I've worked with PKM files back in Diamond days, it's very interesting to debug them and see what's actually there. Although, I've never tried it in hex, Good Luck!!


----------



## darksteel88 (Jul 10, 2008)

Haha glad to see I'm not the only one. Ya, I collect events and I'm pretty well known, and we check to see if they were hacked with pokesav or not.

I have a friend that made a program to search the hex, was simplistic, but it worked. He used Delphi though. Mine would be rather more complex, a friend of mine has a chart that tells what all the hex are. However, I still need to view the hex, and I'm not sure exactly how, which is why I'm here waiting for an answer.


----------



## deleted122510 (Mar 18, 2009)

Hi - 

Yes! I really loved that program that checked the legitimacy of a Pokemon, it was truly useful for EV training and IV breeding to check if they were fakes when trading. Pokesav is neat, but cheap.

If you're looking for a program that will convert your file into hex, you could always just try another program and ditch trying to actually make one (so you have more options, resources, tech support, etc).

I recommend this[1] because it's both free and cool. I'm NOT entirely sure if it will convert your file (.pkm) to hex though, I'll test that all out later, but for now.. give it a shot.
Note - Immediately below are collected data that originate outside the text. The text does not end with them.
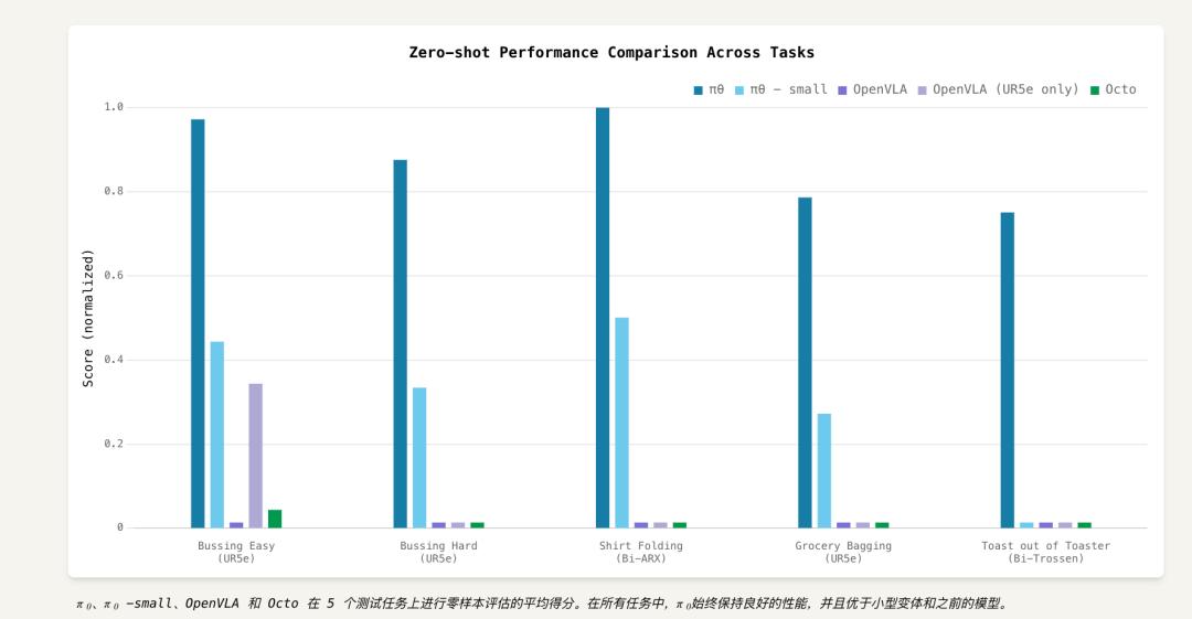 据介绍,Physical Intelligence提到,自己的pi-zero模型在大多数复杂任务中的表现都比OpenVLA和Octo要好。
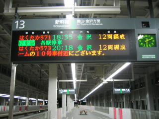 金沢駅16:09のはくたか570号で帰ります、上越妙高駅は17:12分着です。
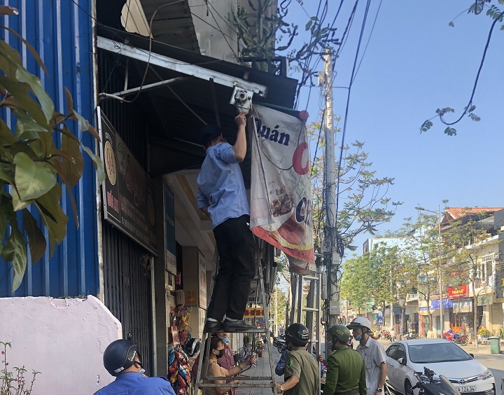 Lực lượng chức năng xử lý việc lấn chiếm vỉa hè
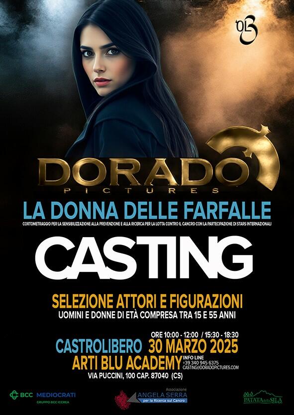 Si svolgerà il 30 marzo, a Cosenza, il casting del cortometraggio prodotto da Dorado Pictures dal titolo “La donna delle farfalle”, con la regia di Luca Fortino. Il film fa parte di un ampio progetto artistico e sociale, che ha come obiettivo la sensibilizzazione riguardo alla prevenzione del cancro e il sostegno alla ricerca scientifica.
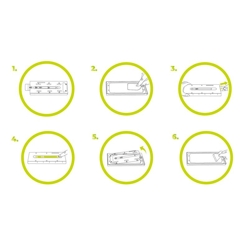 Takket være den smarte monteringsrammen er installasjonen rask, presis og boblefri – selv for nybegynnere.

[1] http://www.hhdsoftware.com/Products/home/hex-editor-free.html

Regards.


----------



## darksteel88 (Jul 10, 2008)

Cool, I'll try tomorrow (as in when I wake up today).

Ya, it's more complicated than just stats though. It includes checking pal park data (if it actually came from a GBA cart), WC data (if the wonder card was not in the original game), etc. As I stated, my friend drew up a list of what all the hex values corresponded to. I could develop a program to search through and return values, and then determine if they are correct.

And the reason I want to use VB express is because it is the only one I am fluent with, and it will be complicated as well as a form.


----------



## deleted122510 (Mar 18, 2009)

Yeah, I was thnking of making a PokeDex, a very very complex one for all 490 something Pokemon using VB.


----------



## darksteel88 (Jul 10, 2008)

All 493, but why when there are great online resources for things like that?


----------



## deleted122510 (Mar 18, 2009)

What happens when they're offline? 

And.. I'm bored.

So, did you solve your issue or..


----------



## darksteel88 (Jul 10, 2008)

Sorry, I've been a little busy with school for the last 2 weeks, just got off a few days ago.

Look, I already have Hex Editor Neo, and yes, it does work. But it doesn't cut it for what I want to do. I want it to compare certain strings to see if they are what they are supposed to do. It works as a VIEWER, but I can't program it to do other things.

What I need is an actual solution to read in the file using VB Express. I can get as far as to read it in as ASCII but not convert it.


----------



## deleted122510 (Mar 18, 2009)

Ah, you should probably take this to VBForums (.com), since they're very experienced and will help you.


----------



## darksteel88 (Jul 10, 2008)

Actually, I did, and I did get someone to answer it. I haven't had a chance to try it, but I will and it looks like it will work.


----------